Repeat the entries below exactly as they appear, with no pictures.
[Opening Records section]
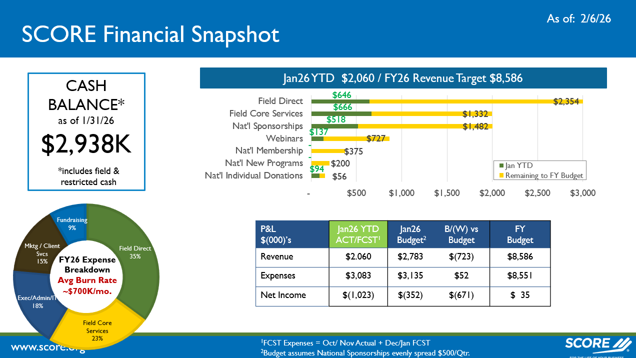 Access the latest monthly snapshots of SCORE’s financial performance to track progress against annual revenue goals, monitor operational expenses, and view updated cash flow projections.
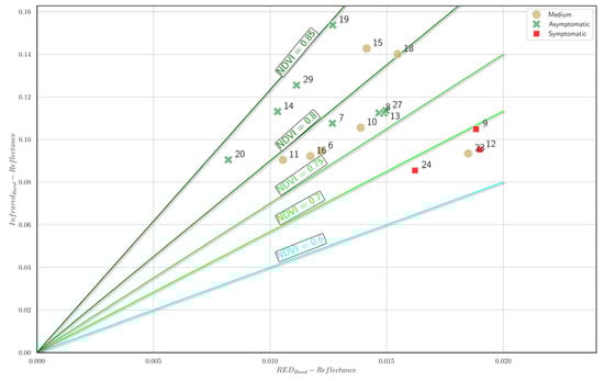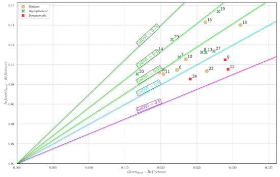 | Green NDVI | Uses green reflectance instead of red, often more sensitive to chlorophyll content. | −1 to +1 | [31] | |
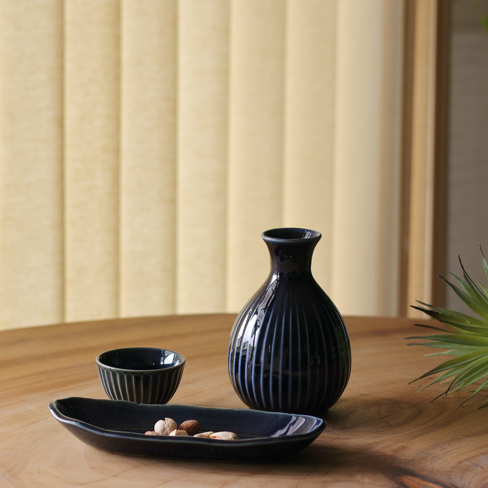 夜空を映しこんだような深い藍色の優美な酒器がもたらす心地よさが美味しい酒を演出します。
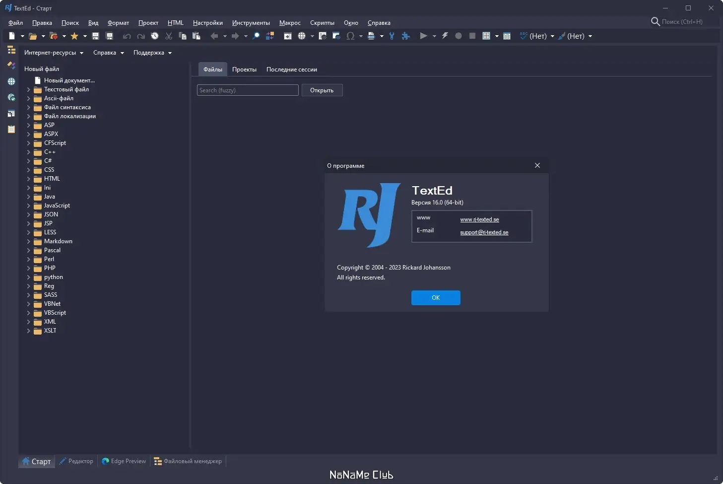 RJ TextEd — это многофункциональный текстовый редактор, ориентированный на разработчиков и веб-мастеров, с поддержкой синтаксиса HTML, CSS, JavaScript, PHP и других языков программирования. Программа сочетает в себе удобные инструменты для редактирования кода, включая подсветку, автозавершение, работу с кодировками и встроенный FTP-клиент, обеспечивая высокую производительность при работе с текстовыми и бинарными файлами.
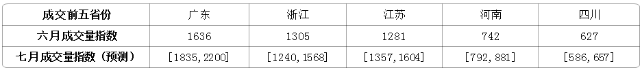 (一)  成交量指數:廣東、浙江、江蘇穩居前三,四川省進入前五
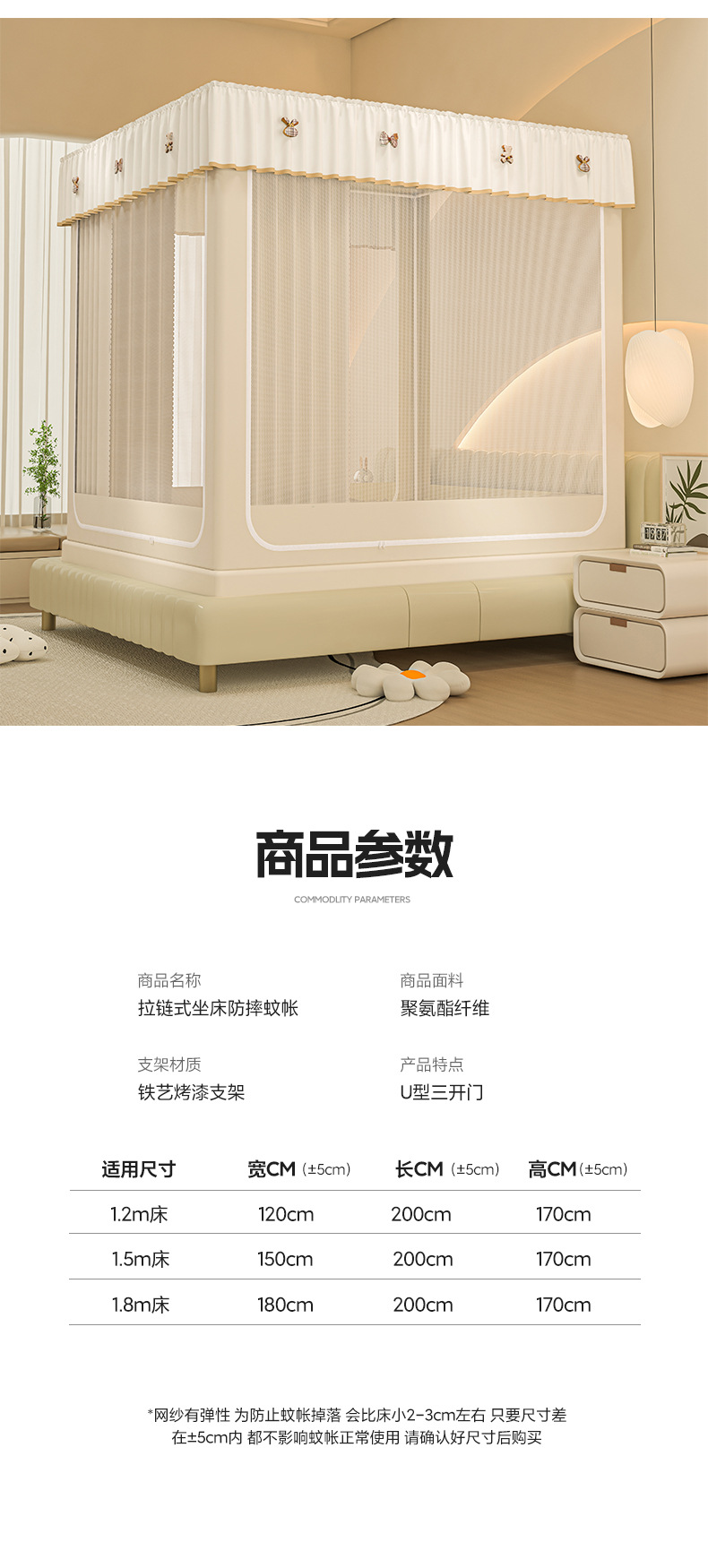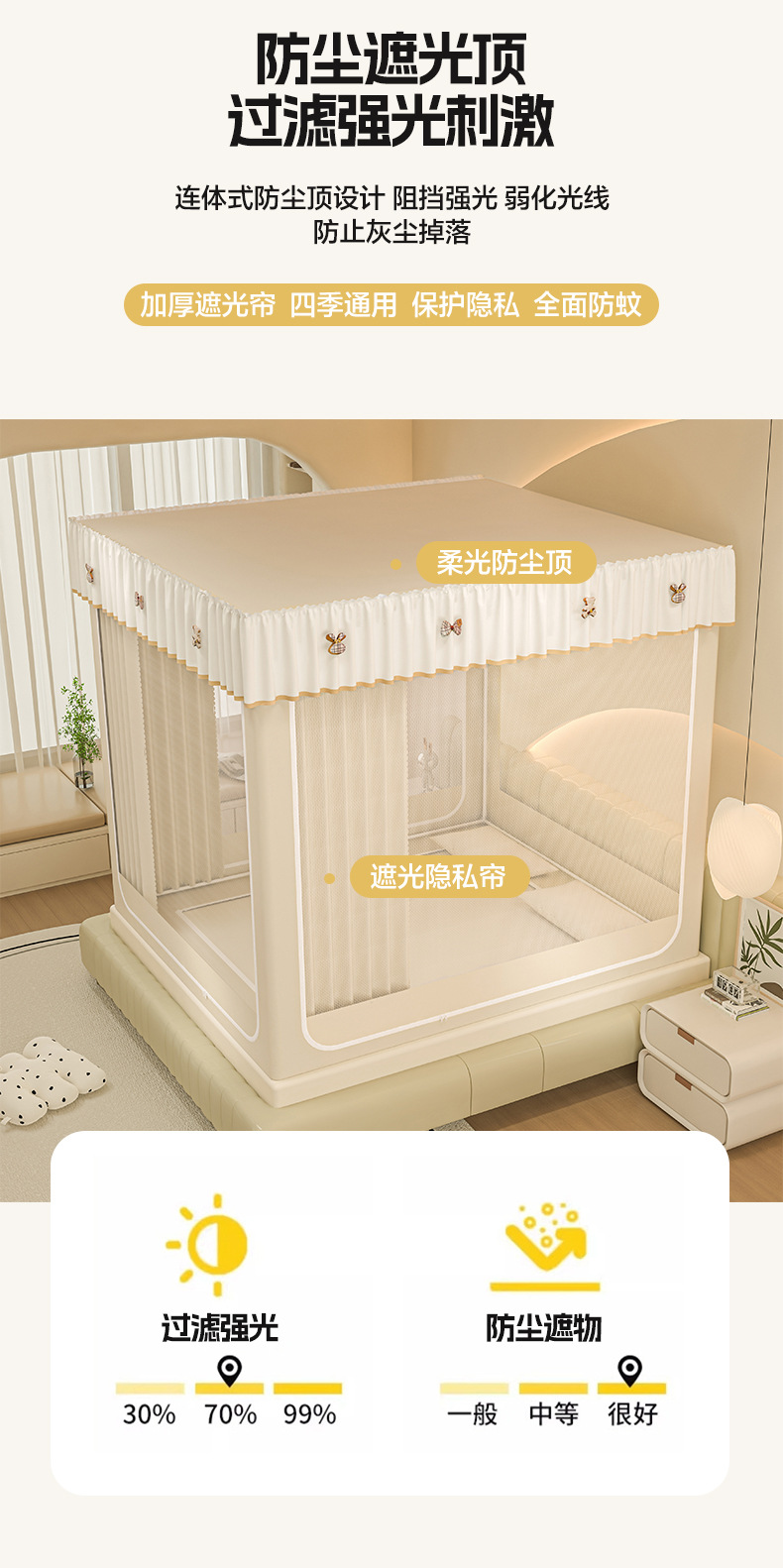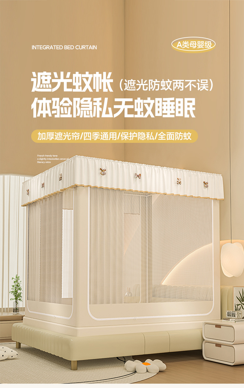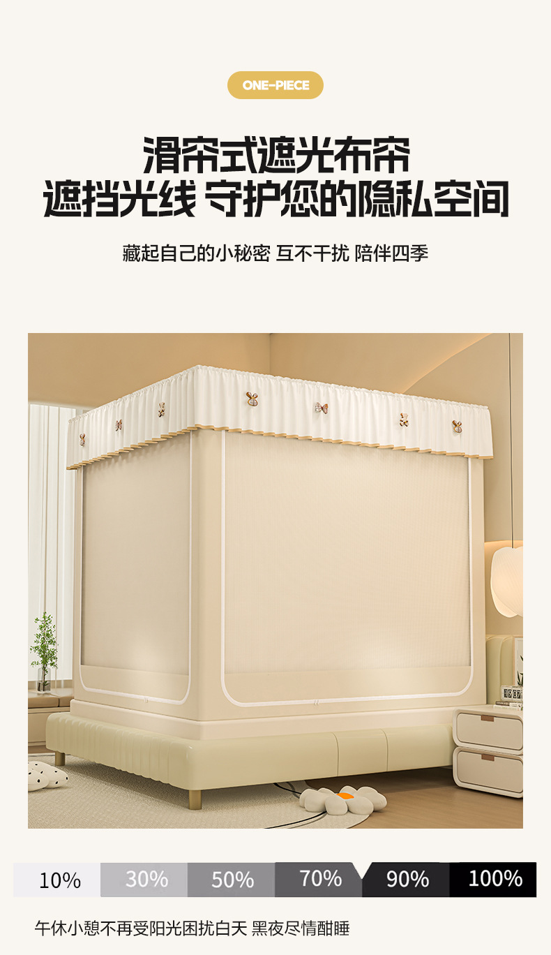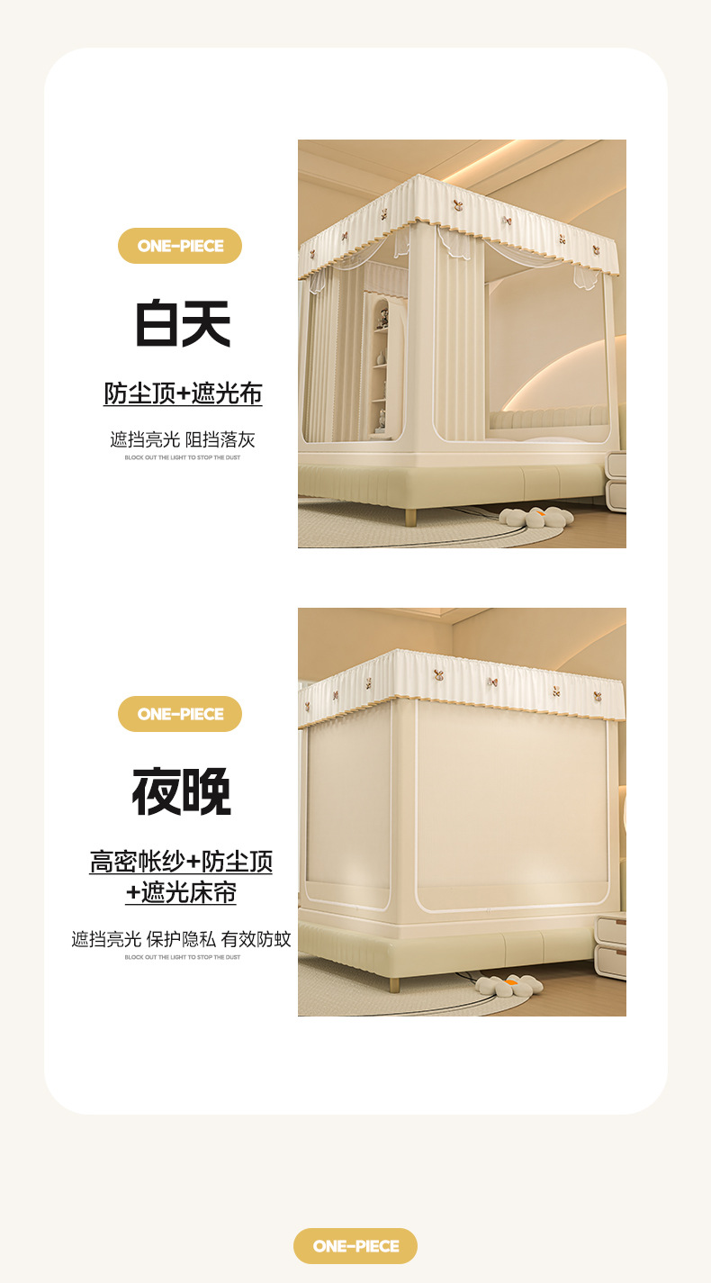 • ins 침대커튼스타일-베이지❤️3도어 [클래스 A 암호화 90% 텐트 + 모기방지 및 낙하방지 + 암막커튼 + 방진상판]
[Closing Records section]
◆ Exercise answer ◆
 Access the latest monthly snapshots of SCORE’s financial performance to track progress against annual revenue goals, monitor operational expenses, and view updated cash flow projections.
 | Green NDVI | Uses green reflectance instead of red, often more sensitive to chlorophyll content. | −1 to +1 | [31] | |
 夜空を映しこんだような深い藍色の優美な酒器がもたらす心地よさが美味しい酒を演出します。
 RJ TextEd — это многофункциональный текстовый редактор, ориентированный на разработчиков и веб-мастеров, с поддержкой синтаксиса HTML, CSS, JavaScript, PHP и других языков программирования. Программа сочетает в себе удобные инструменты для редактирования кода, включая подсветку, автозавершение, работу с кодировками и встроенный FTP-клиент, обеспечивая высокую производительность при работе с текстовыми и бинарными файлами.
 (一)  成交量指數:廣東、浙江、江蘇穩居前三,四川省進入前五
 • ins 침대커튼스타일-베이지❤️3도어 [클래스 A 암호화 90% 텐트 + 모기방지 및 낙하방지 + 암막커튼 + 방진상판]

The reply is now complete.